NJ father jailed, stripped of parental rights for transporting legal guns to new home

Three unloaded, legally owned guns locked in the car trunk of a man moving from Colorado to New Jersey is keeping a man from watching his son grow up.

In New Jersey, they call that the rule of law.

brianaitken1017Now, Brian Aitken is traveling the country, using the crowdfunding website Indiegogo to raise money and hoping to write a book about a travesty of justice that’s keeping him from his son.

Aitken was arrested in 2009 while returning to live in New Jersey to be near his son who lived with his ex-wife, according to a Daily Mail article. He had stopped at his mother’s home with a vehicle full of his belongings and she called 911 because she was concerned he was so distraught he might harm himself.

She hung up before the call was complete, but police responded anyway.
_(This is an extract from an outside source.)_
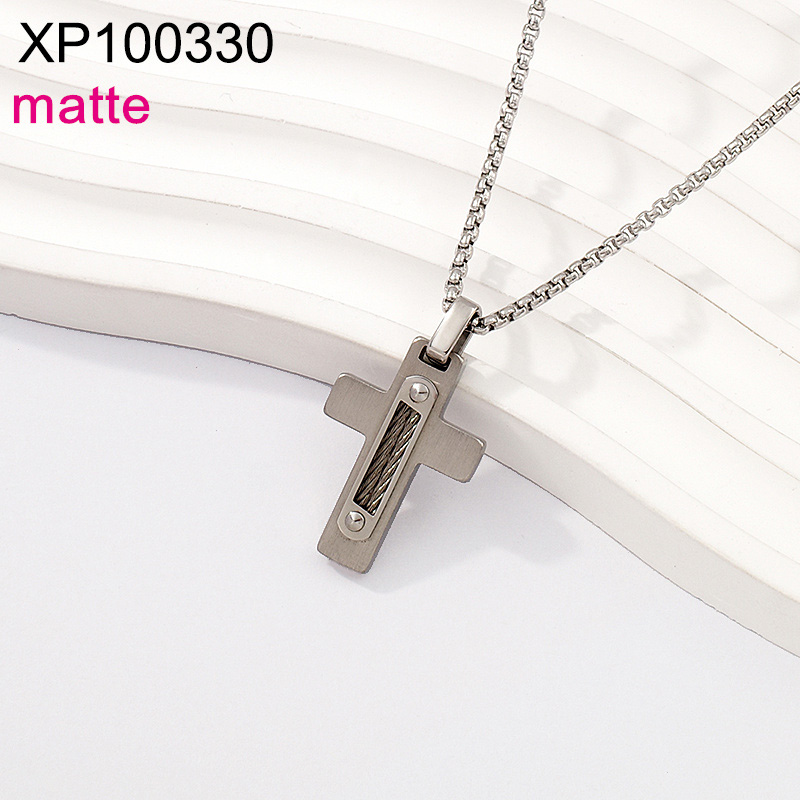 Level B Stainless Steel New Trendy Man Jewelry Cross Steel color Matte Pendant
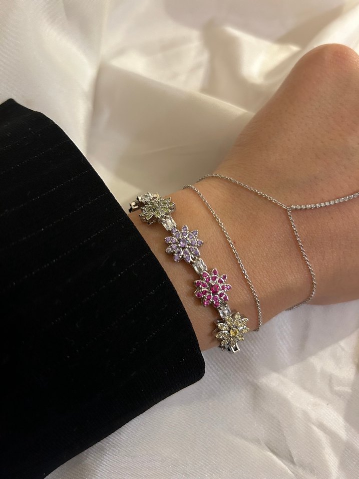 Çiçek desenli ve ışıltılı detaylara sahip kadın bileklik, çok renkli ve hafif tonlarda. Günlük kullanıma uygun, çağdaş ve klasik zarafeti yansıtır. ✨

By the time they did, Aitken had left, so police called him on his cell phone and — with a combination of threats and persuasion — convinced him to return to the scene.

Officers searched his car and found the weapons in the trunk, where Aitken said he’d been instructed to keep them for transport by the New Jersey State Police.

“I did exactly what they told me to do,” Aitken told the Daily Mail.

Regardless, police arrested him for violating the Garden State’s strict gun control laws, which prevent even legal owners of guns to have them in their possession outside of the home except under certain conditions.

After a trial that in Reason magazine’s description comes across as Kafkaesque – his jury seems to have wanted to acquit him but was essentially prevented from doing so by the judge – Aitken was sentenced to seven years in prison, but released after four months when his sentence was commuted by Republican Gov. Chris Christie. Even with the commutation, Aitken still spent his 27th birthday behind bars.

So Aitken is out of prison, but because his conviction was on a second-degree felony a family court has ruled he cannot see his son.

“After I was indicted of a victimless and violentless charge, with no prior criminal record, a family judge interpreted the charge to mean that I was a violent criminal with access to firearms and that fathers who own guns pose a threat to their children,” he said in a written statement to Ammoland.

Granted, some fathers who own guns probably do pose a threat to their children. Just as some fathers who don’t own guns can pose a threat to their children.

The real question is, did Aitken, who had no criminal record before the day his mother called the police hoping to make sure he was safe,  ever pose a threat to anyone — much less to the son he moved half a continent to be with while he grew up?